At 12:01 PM 10/30/2009, Horace Heffner wrote:
On Oct 30, 2009, at 5:17 AM, Jed Rothwell wrote:
Michel Jullian wrote:
My suggestion: like the SPAWAR people have done before you, forget
about excess heat, hot spots, or other expensive to detect and
ambiguous signatures . . .
The people at SPAWAR did not "forget" about excess heat and hot
spots. They published papers and videos showing these things. They
were the first to show hot spots, as far as I know.
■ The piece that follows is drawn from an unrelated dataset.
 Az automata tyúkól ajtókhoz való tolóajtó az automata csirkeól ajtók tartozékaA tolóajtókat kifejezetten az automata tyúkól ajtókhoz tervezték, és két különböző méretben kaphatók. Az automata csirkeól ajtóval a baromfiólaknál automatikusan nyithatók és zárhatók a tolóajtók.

That is a strange thing to say.
- Jed
It makes perfect sense *if* clear nuclear signatures can be obtained
in 100 percent of a given kind of experiment, and the goal is to
prove CF is real to the extent large amounts of funding can be
obtained for pure research. You have to show high energy particles
or transmutation if you want to prove nuclear. Nuclear events appear
to be the most easily and cheaply demonstrated.
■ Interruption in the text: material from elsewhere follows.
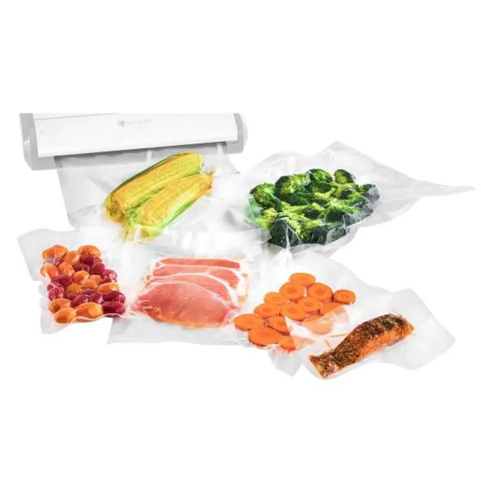 A set of knurled vacuum bags in rolls (4 pcs.) with a width of 30 cm is suitable for working with strip and chamber packaging machines. Long sleeves (600 cm each) can be cut anywhere, so as to easily adjust the size of the bags to the packaged product. The special structure of the point channels means that the air is removed faster than other solutions of this type. Thanks to this, the bags will be used when packing food, liquids, medicines, and even documents, jewelry or electronics.

I agree with Horace here, in a sense. Heat is also an element of
proof, and if experiments can clearly show nuclear without depending
on calorimetry, funding isn't going to be copious.
If you want to make something practical with CF then you should work
on maximizing excess heat. If you want to prove it is nuclear, then,
unless 100 percent reproducible levels of excess heat not yet
observed can be produced, showing high energy particles, or neutrons,
as cheaply as possible is clearly the way to go.
There are other possible practical applications that don't involve
heat. But, yes, for the most part, heat is the ultimate practical
goal for much of the research. But I'm looking purely for
demonstrations of the science of low energy nuclear reactions, so
that Ed can sell more books....
It appears the current SPWAR protocol is at worst close to being able
to achieve irrefutable proof of nuclear events, and inexpensively.
Yeah, that's why I'm barking up this tree.